June 20, 1928: That Living Constitution

“The stiffer legal minds of the Supreme Court either still describe industry to themselves in the terms of Adam Smith, or they possess a faith in the benevolence of modern business which we cannot share.... Freedom of contract and the due-process clause of the Fourteenth Amendment have again been made to serve the cause of reaction.... For those who are interested in such changes as are involved in the abolition of child labor, in the reconstruction of the coal industry, in a program of relief for farmers, in securing adequate social insurance, in the greater coordination of industrial affairs by national planning, there remains ,apparently, some hope - but only so much as can conceivably be clustered about the possibility of minorities being transformed into majorities by the passage of time or the prescience of Presidents.”

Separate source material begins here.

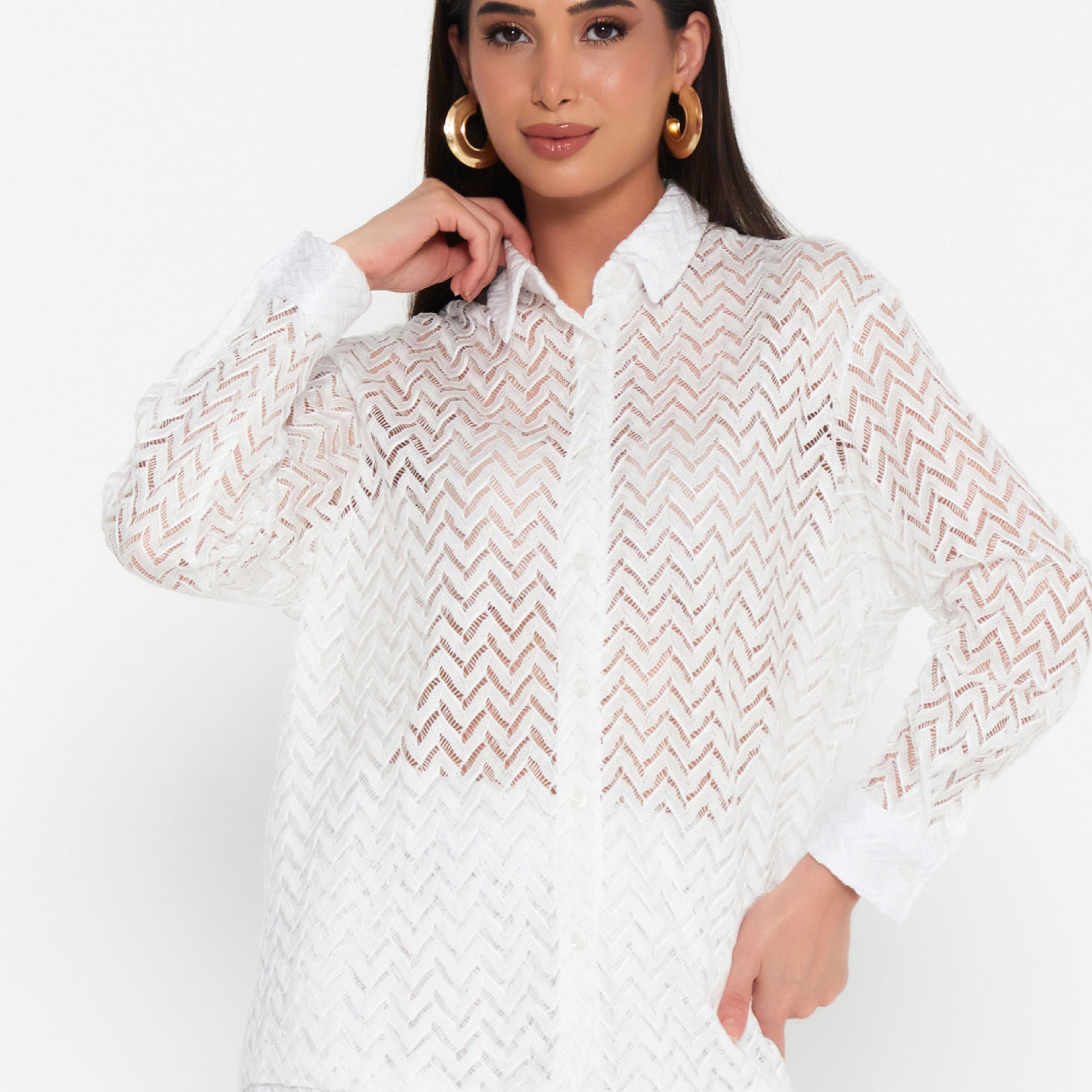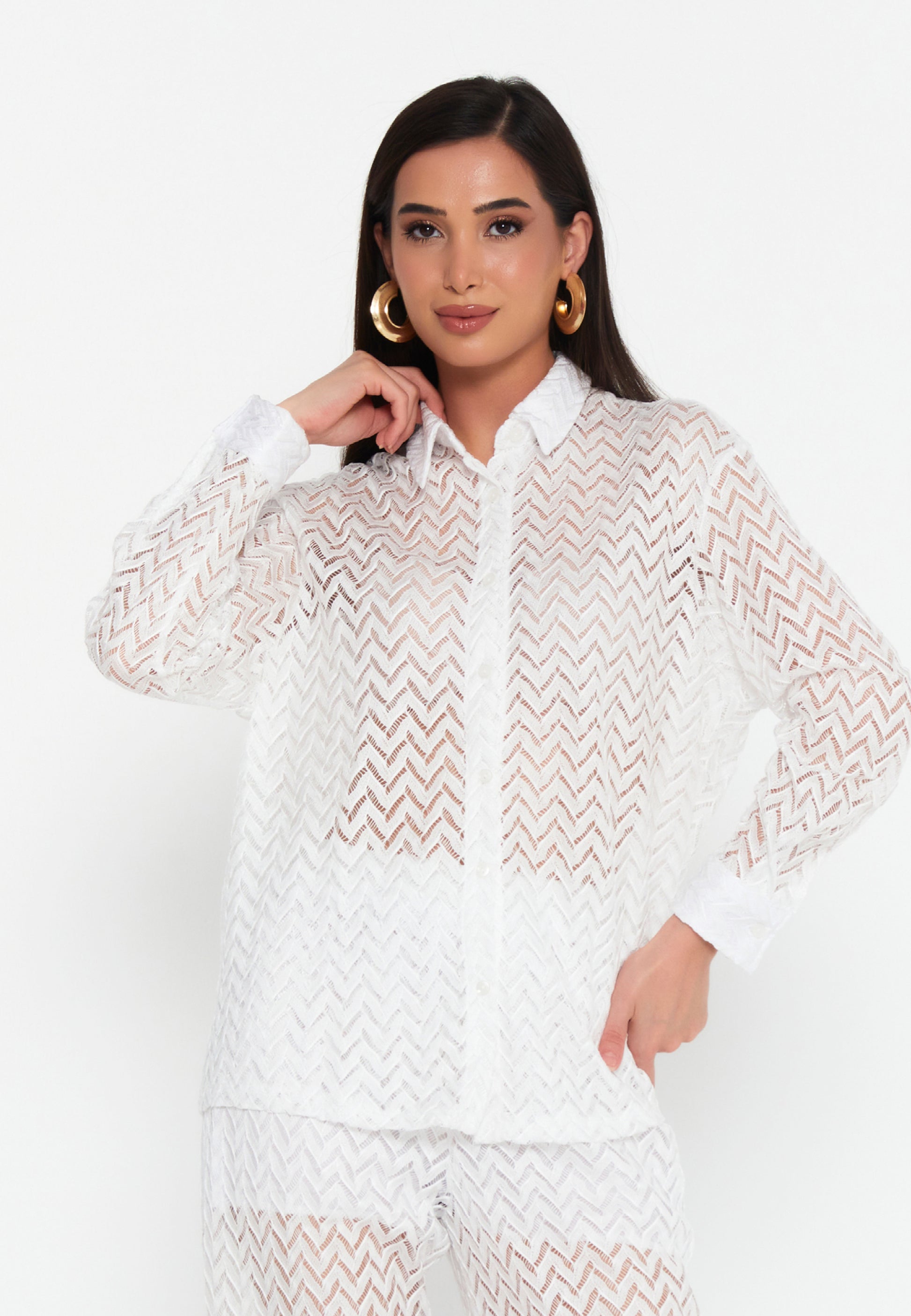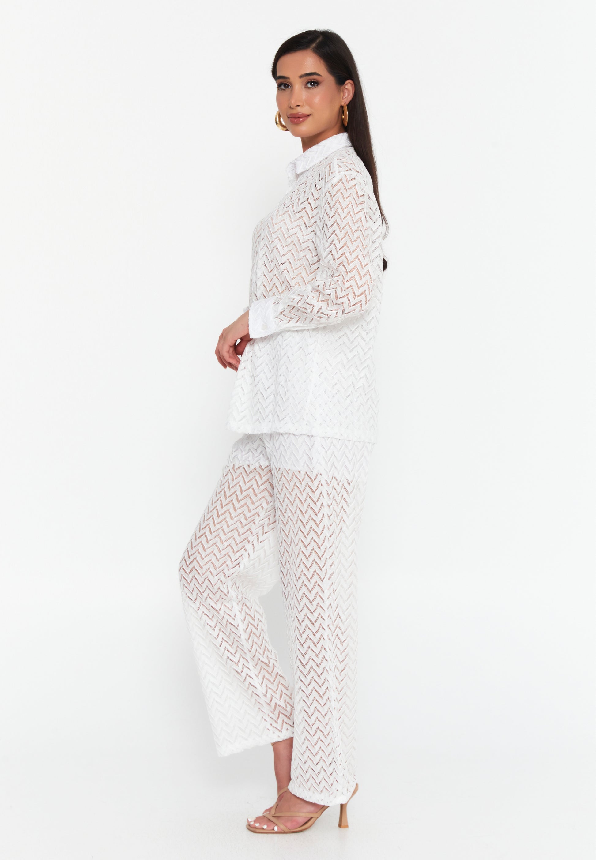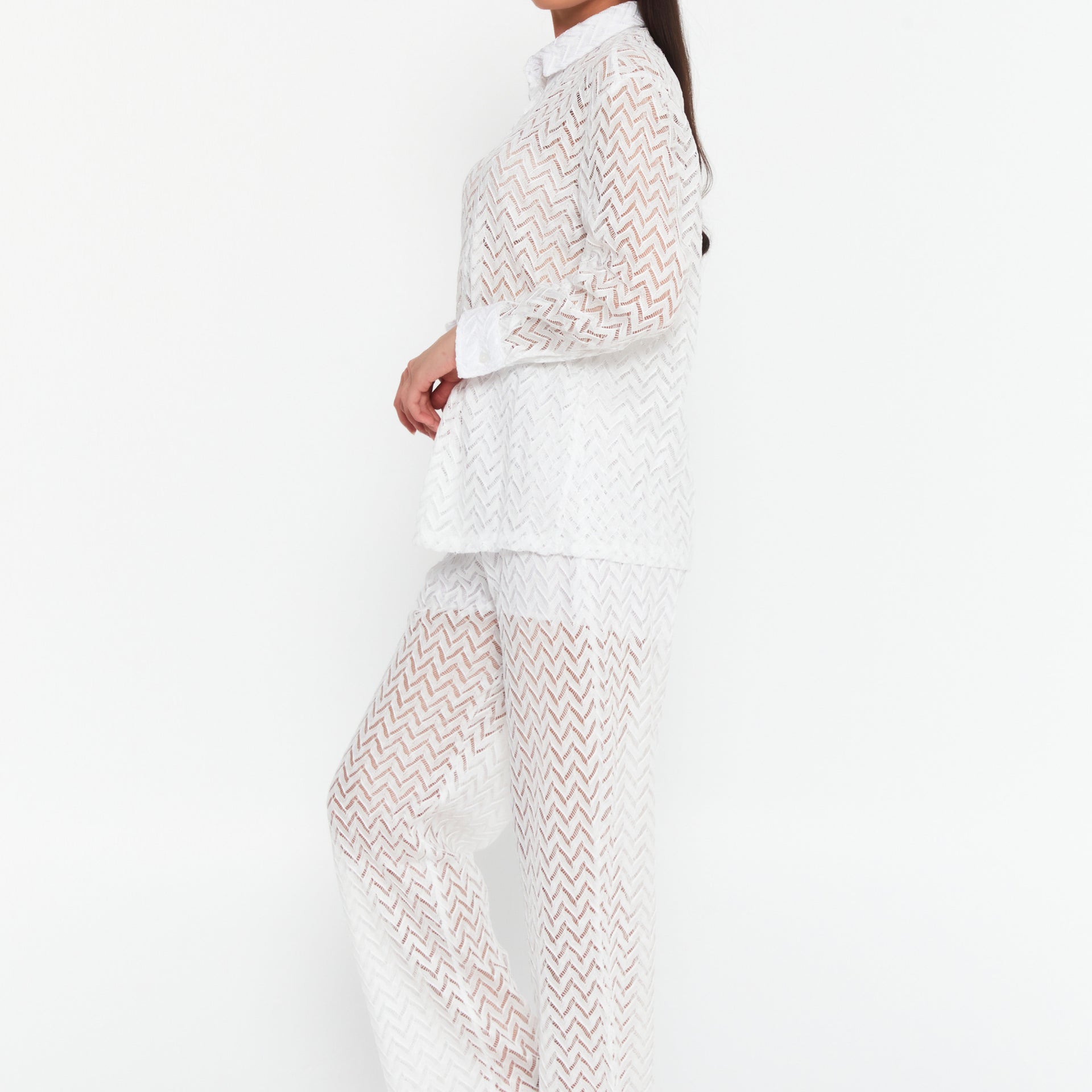 Embrace the ultimate coastal aesthetic with our Coastal Chic Co-Ord Set. This stunning two-piece ensemble is perfect for your next vacation, beach club outing, or warm-weather event. Made from a beautiful white sheer knit with a chic chevron pattern, the set includes a classic button-down shirt and matching wide-leg trousers. Designed to be worn as a stylish cover-up over swimwear or with a sim...
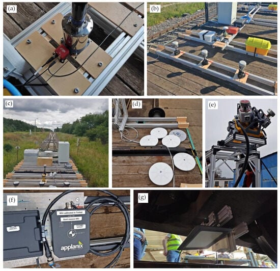 Railway track axis measurements using mobile GNSS (b–d), INS (a,f), TLS (e), and photogrammetry (g) techniques.

July 31, 1935: Court Kills the A.A.A.

“It is ironical and unjust that what a large part of industry has power to do for itself by way of restricting output and maintaining prices, Congress has, under our judicially interpreted Constitution, no power to help the farmers to do. But in both cases the practice is anti-social and opposed to the best interests of farmers and workers alike. It would be much more to the point if Congress, to give parity to the farmers, could reduce industrial prices and enlarge industrial production. Any such attempt at control of industry, however, would also be unconstitutional under the Schechter and previous decisions. The courts forbid the government from doing anything important to regulate the national economy, whether it is bad or whether it is good. That is, they forbid it from doing anything that privately owned industry does not want done.”

June 10, 1936: Liberty to Starve

“Anybody who henceforth proposes to do anything by law about hours and wages in general, either for women or for men (though there are still certain exceptions in which action is permitted), must, if he is not to mislead the public, at the same time say what he proposes to do about the Constitution or the Supreme Court or both. As matters stand, the Constitution makes the economic doctrine of laissez-faire the supreme law of the nation. We have a government that cannot govern one of the fundamental factors in the economic and social process. It cannot do so, no matter how many voters want it to do so, and no matter what good reasons for doing so may be held by those who give the matter careful study. Democracy is balked by the constitutional protection of the liberty of women to work for starvation wages, for wages below the value of the services rendered.”

August 4, 1937: The Court Sees a New Light

“A year ago minimum-wage legislation, even for women, still rested under the ban of the Court, the national government was for the most part without authority over the employer-employee relation in the industrial field, and social security was at best highly suspect on constitutional grounds. Today the truth contradicts each one of these statements. More than that, the tone of the Court has altered vastly in a twelvemonth. Last spring, following the slaughter of the AAA and “the little NIRA,” the Chief Justice jauntily proclaimed in his American Law Institute address, “I have to announce that the Supreme Court still functions,” and at about the same time six of the nine Justices joined in the case of Jones v. the SEC in an opinion which sets an all-time high for judicial arrogance. These lapses from good sense and good taste would not today be repeated.”

June 15, 1938: The Court Is Reformed”Some effective way or ways must be found of registering a national desire that the Court act differently at the present time... The nature of the specific means is less important than the pressure itself. The very fact that a series of reactionary decisions led to a strongly supported proposal to pack the Court will of itself, no matter what happens as a result of this bill, exert a potent influence on the Court in the future. The learned Justices are bound to be a little more careful not to clothe their private prejudices in the Constitution, or to veto in the name of that broad document measures that the nation has decided it needs.”